Beginnings and endings

 

October 3, 1980

 

Endings, like beginnings, are very difficult for me.

The end of this page or relationship or even the day that settles into darkness and my eyes struggle to stay open, I fight for each moment of consciousness as if afterwards there is nothing left but ashes and silent prayer, and the uncomfortable cough of an audience dressed in black.

Beginnings are just as bad, coming with the starched shirts and sterile instruments that surgeons face before taking the deep plunge, smiling over me or some other poor victim assuring us that we shall live a full and happy life.

It took me eleven hours to come into this world, my mother pushing while I gripped her insides so I didn’t have to arrived, learning early the habits of a street protestor the police have to drag off to jail.

Indeed, birth is a death sentence, irregardless of how we paint it with good wishes, and life is a jail cell we ache to but at the same time, dread to escape.

Jung better than Freud understood how we all live our lives in dread of the inevitable, and we count out our sentence in birthdays as if somehow that is some positive progression when it is merely the running down of a clock.

So we engage in silly speculation about immortality – youth serums or religious faith, or the pseudo science of freezing such as Disney did, hoping some future discovery of a questionable mankind can resurrect us – a cheap trick version of what many religious people believe, man’s hand serving as God’s hand.

Sociology tells us religion is simply an excuse for death, an effort to justify on existence on this earth, a tool used to teach us how we ought to live our lives when without faith, we would run amuck and do exactly what we want to whom we want, fearing no retribution except that which we all face.

Many do not believe God exists, although admit we needed to invent one in order to keep our worst habits at bay.

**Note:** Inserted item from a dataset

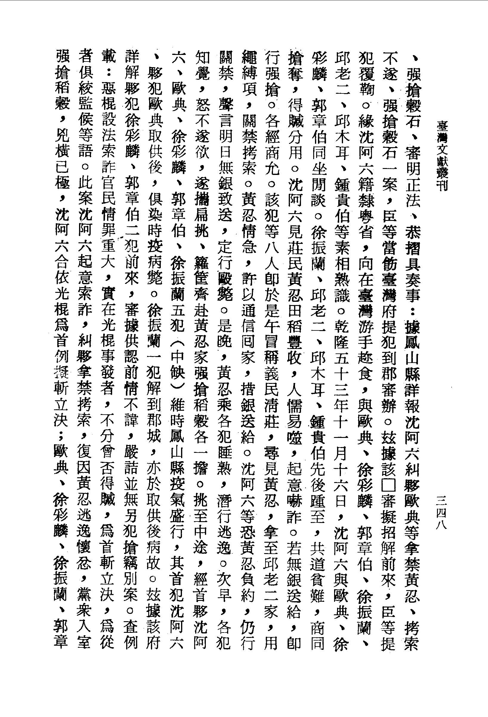 挑至中途,經首夥沈阿六、歐典、徐彩麟、郭章伯、徐振蘭五犯(中缺)維時鳳山縣疫氣盛行,其首犯沈阿六、夥犯歐典取供後,俱染時疫病斃。

Einstein that all things are relative, particularly time, and for me, time passes at a different rate than the clock or calendar tells us it does – even thought the space between each click is exactly the same.

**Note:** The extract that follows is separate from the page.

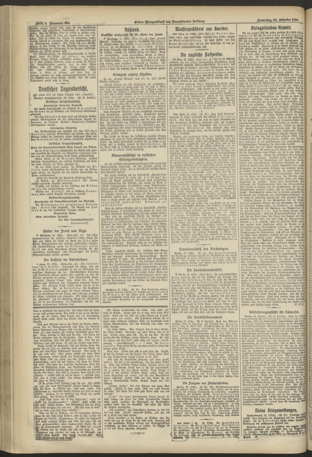28.10.1916 = Nr. 299. Erstes Morgenblatt

I live my life in changing seasons, and feel them acutely against my skin like cold wind or heated sunlight, knowing that behind them the clock ticks out the more precise distance between birth and death.

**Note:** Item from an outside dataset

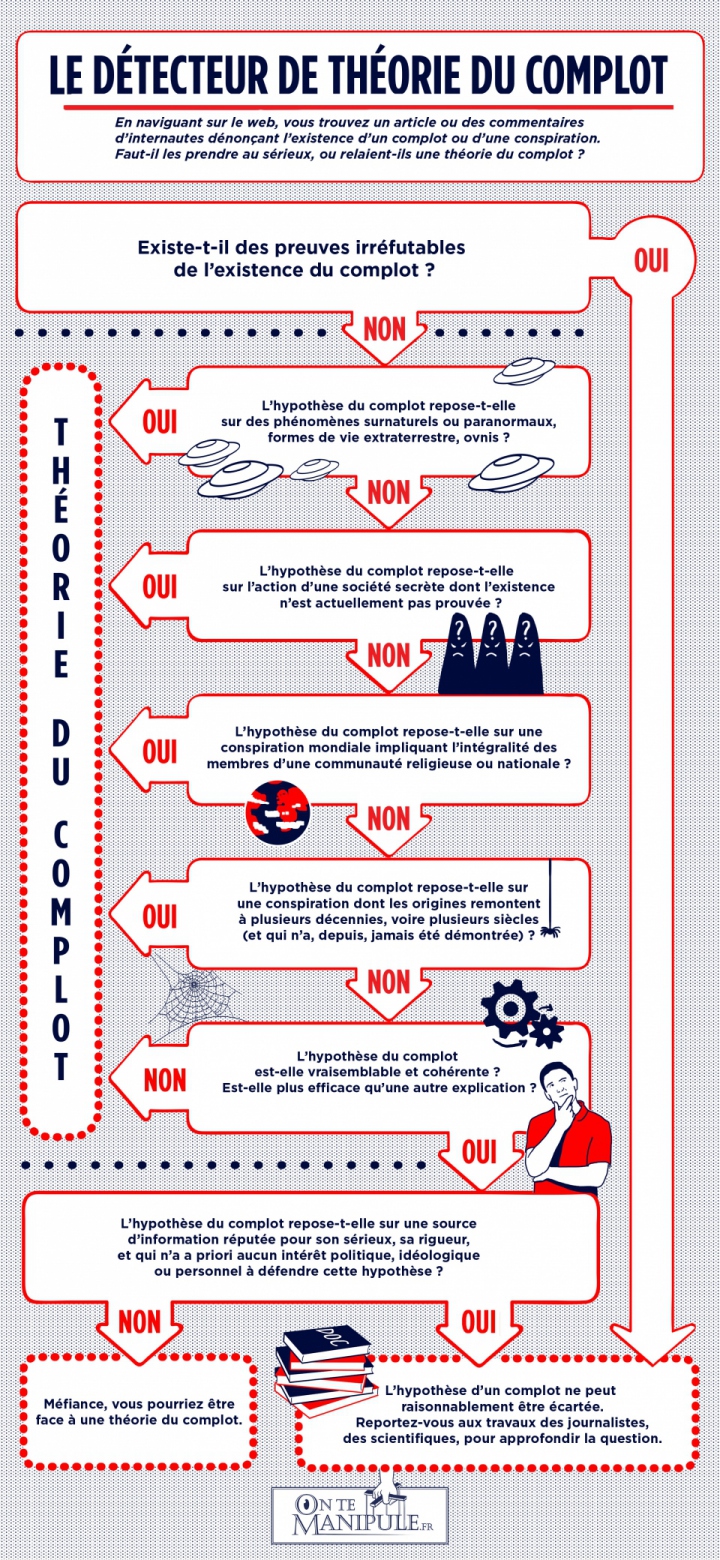 Sur la page d'accueil du site "Ontemanipule.fr", le gouvernement présente les "7 commandements de la théorie du complot" pour donner aux plus jeunes les clés leur permettant de "garder un sens critique et prendre du recul par rapport aux informations qui circulent". Le site affiche également une infographie présentée comme un "détecteur de théorie du complot".

We have thousands of myths to tell us that there is something beyond, and suggests we have real purpose on this earth, and ties something fundamental inside of us to the changes that go on without, and for some reason, I feel tied to each of these, feeling a full life time pass with each passing year, born in with the crisp chill of early winter to rise up in spring, flourish in Summer and to fade again in fall.

Perhaps it is wisest to live life this way, to be born, live and die a hundred times rather than to count down the long passage to the one death from which we do not rise again, and thus we manage to fight for each precious moment, to suffer through birth and learn from it, and appreciate the rest and come to the fall knowing that we can do it all over again, and do it better the next time. Perhaps it is unwise to cling too hard at the start, spending not merely 11 hours clutching what we know, but a life time, than it is to let go, the flow in and out of birth and death, learning from each, finding peace with the idea that when the time comes, we might well be prepared for a new and unexpected birth we cannot see in advance, in some new and perhaps better world where there is a God or someone like him, and there is a new beginning that may not have a death sentence attached to its end.